Opening Statement, Public Meeting on Proposed Rules Under Dodd-Frank Act
Commissioner Michael V. Dunn
January 20, 2011
Thank you all for joining us today for this important meeting regarding the implementation of the Dodd-Frank Act. Today’s meeting will address proposed rules regarding:
- Commodity Options and Agricultural Swaps; and
- Swap Trading Relationship Documentation Relating to Termination Provisions Implicated Under Title II of the Dodd-Frank Act
The proposed rule regarding agricultural swaps is of particular interest to me. In September, the Commission published an Advanced Notice of Proposed Rulemaking requesting comments regarding rules governing the trading of swaps in agricultural commodities.
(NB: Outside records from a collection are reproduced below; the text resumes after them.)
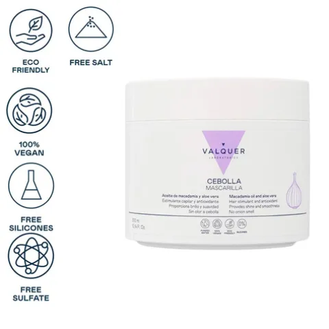 Modo de usar: Aplicar nos cabelos recém-lavados e secos com toalha. Deixar atuar por 3 a 5 minutos. Massajar e proceder ao desalfandegamento durante o tempo de exposição. Por fim, enxague abundantemente com água. Para melhores resultados lavar com Valquer Cebolla Shampoo Revitalizante. Não aplicar no couro cabeludo.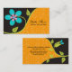 Gran plantilla de tarjetas de negocio de flores estilizadas color turquesa. Un diseño elegante e impresionante, con una flor turquesa audaz con hojas verdes sobre fondo negro y naranja. En el naranja hay un patrón de damasco. Haga clic sobre el Personalizar y elija entre más de 200 colores para cambiar el color de fondo (naranja). Ideal para una florista, textil o para una tarjeta de perfil personal.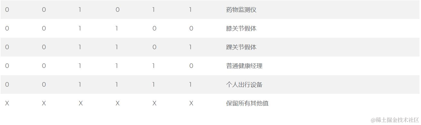次要类段是定义蓝牙设备的最低粒度级别。有64种可能的次要类。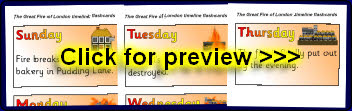 Very simple flash cards with the key daily events of the Great Fire of London from Sunday through to Thursday when the fire was put out.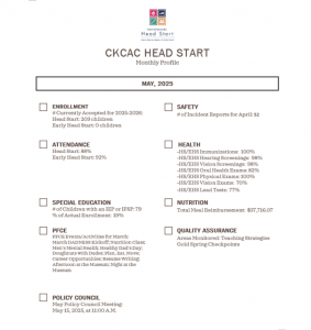 Enrollment continues to be a top priority as we prepare for the 2025–2026 program year. Our team is actively recruiting new families and staff members. If you know anyone with children who would benefit from Head Start or someone passionate about working with young children, we encourage you to send them our way.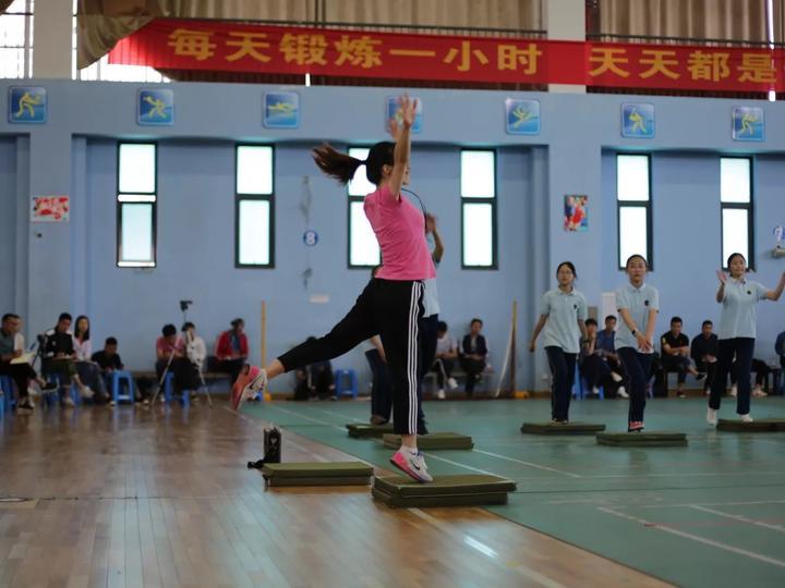 她大学主修的是健美操,平时又爱练瑜伽,还会跳跳舞,所以很注重形体。“设计一个操,学生、家长、老师都能在家跳。”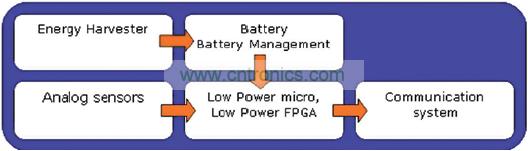 能量采集系統的工作原理是收集能量以將其存儲在電池中: 系統通常由電池供電,而非由能量采集器直接供電。因此,能量采集器供電的系統實際上在結構方面非常類似于傳統的電池供電產品(參閱圖 2)。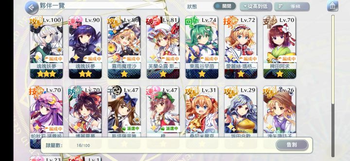 六天时间只练出一个半角色,我这是不是太最求低耗了😂,可怜的妖梦被压榨到死去活来,好感都被我刷负了,除个别被克属性有人帮补刀外,单人通关了活动全关卡以及主线简单模式全关卡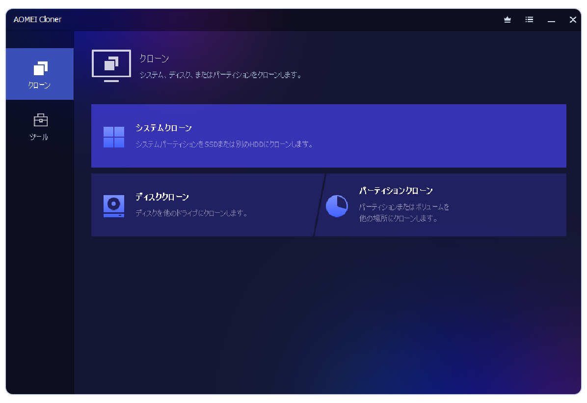 SSDをコンピューターに接続し、認識されることを確認してください。AOMEI Clonerをインストールして実行します。左ペインの「クローン」⇒「システムクローン」を選択します。

The comments received by the Commission were nearly unanimous in their support for treating agricultural swaps under the same regulatory scheme as other categories of swaps, and the rules proposed today do just that. Among others, I found the comments from the National Council of Farmer Cooperatives particularly helpful. The rules we promulgate must not diminish the ability of farmer cooperatives to provide their producers with risk management tools. I look forward to receiving comments on today’s proposed rule, so that we can be certain that the ultimate rule regarding swaps in agricultural commodities provides an appropriate framework for these important transactions.
The proposed rule regarding Documentation Relating to Termination Provisions is also vitally important. The events of 2008 demonstrated that our financial regulatory authorities lacked an orderly mechanism for resolving the insolvency of certain large financial companies. Congress has sought to address that issue through the Dodd-Frank Act, and it is important that swaps be included as part of the orderly liquidation process envisioned by the Act in the event of the insolvency of a systemically important swap dealer or major swap participant. Today’s proposed rule provides a mechanism for including swaps in this orderly liquidation process. I look forward to the public’s comments on this proposed rule, particularly in regard to whether there are any unforeseen anti-competitive consequences that may arise out of its application.
I would like to once again thank the staff at the CFTC for all their hard work in regard to these very important proposed rules. They have been working late nights and weekends in order to implement Dodd-Frank, while simultaneously working to fulfill their existing duties under the Commodity Exchange Act. They do this against the backdrop of the budget crisis currently facing the CFTC. We continue to operate under a continuing resolution, with funds insufficient to implement and enforce the Dodd-Frank Act. In essence, we face an unfunded mandate – a situation where the CFTC has been given enormous responsibilities, without the corresponding increase in resources necessary to fulfill them. My fear is that the only way to fulfill our duties under the law with our current budget constraints is to become a restrictive regulator, rather than a principles based one. Such a change in our approach to regulation may be detrimental to the current swap industry. Our current staff knows the existing futures industry. In order to adequately understand the swaps industry on the same level, we need more staff and resources. Without adequate staff and resources, my fear is that applications from entities we are unfamiliar with will take substantially longer than applications from entities we are familiar with.
Once again, I would like to thank all of our staff for the hard work they have put in on these rules. Thank you.